Dr. Cindy Ayers Elliot sits atop one of her tractors at Foot Print Farms, a 68-acre specialty farm that grows fresh produce in the west Jackson area.  Photo courtesy Acacia Clark

More food could be grown if facilities for canning and jarring existed. There would also need to be people to operate these facilities, so jobs could be created as well, the farmer added. 

“Gins were put in place for cotton. Silos were put in place for soybeans. There’s a place for everything except for humans and Mississippians,” she said. 

To preorder a CSA box from Footprint Farms, consumers can visit their Facebook page and use the order form at the top of the page. Along with debit or credit cards, they also take EBT payment and food vouchers. 

‘Tips for Holidays’  

Thanksgiving is this week, which means tons of food will be cooked and a lot  thrown away. In 2016, the U.S. Chamber of Commerce Foundation reported that on Thanksgiving Day, 172 million pounds of turkey, more than 150 million pounds of sides and 14 million pounds of dinner rolls was wasted nationwide. 

Regina Anderson shared a few tips for curbing food waste for this holiday season and beyond. First, she said, freezers are a good way to keep food from going to waste, she said. 

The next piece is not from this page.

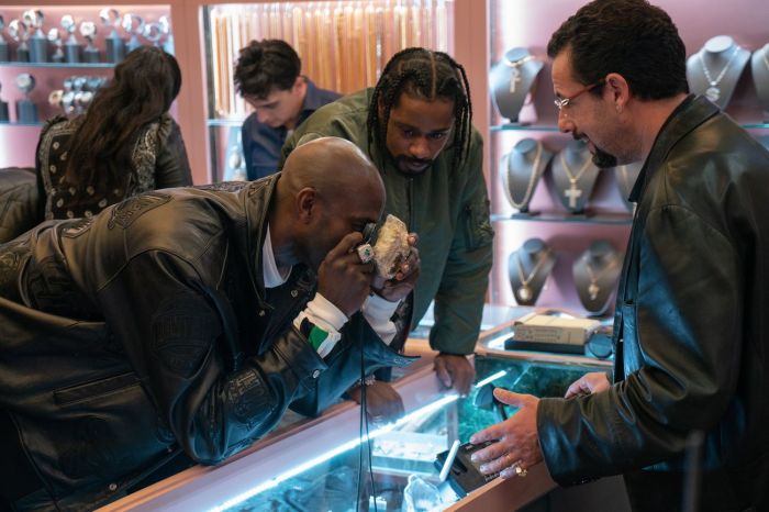 Adam Sandler, o notório comediante, confirma ser ótimo ator dramático, como já havia demonstrado em Embriagado de Amor, de Paul Thomas Anderson. O Oscar, no entanto, o esnobou pelo papel desse perdedor nato, propenso a entrar em todas as confusões possíveis, confiando que um milagre o salvará no último minuto. Viciado em apostas, Howard negocia a opala com o astro do basquete Kevin Garnett (fazendo uma versão ficcional dele mesmo) e vive momentos de estresse máximo em várias frentes. Uma delas é com a sua funcionária e amante Julia (estreia da sensual Julia Fox, ex-estilista, ex-modelo Playboy e ex-dominatrix).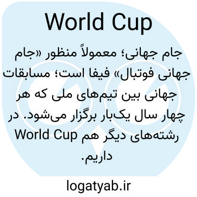جام جهانی؛ معمولاً منظور «جام جهانی فوتبال» فیفا است؛ مسابقات جهانی بین تیم‌های ملی که هر چهار سال یک‌بار برگزار می‌شود. در رشته‌های دیگر هم World Cup داریم.

“When I really like something, when I put it in the freezer, not only do I label it with the date I put it in there, I’ll put yum. That’s like an indicator to myself this is good stuff. Freezing food is huge,” Anderson said. 

Putting together “everything meals” is another good way to not waste food, where people make creative meals out of leftover food in their fridge or pantries, Anderson said. She also suggests that consumers take inventory of items in their kitchen, so they do not buy a product they already have. And there is an app called Olio, which is the Letgo or Offer Up of food, she said. 

“We have this apple pie and these kabobs, and we don’t need this extra food because we’re going out of town. You can take a picture of your food, post it on Olio and your neighbor can get it. You’ll be surprised about who will comment that they want your dish,” Anderson said.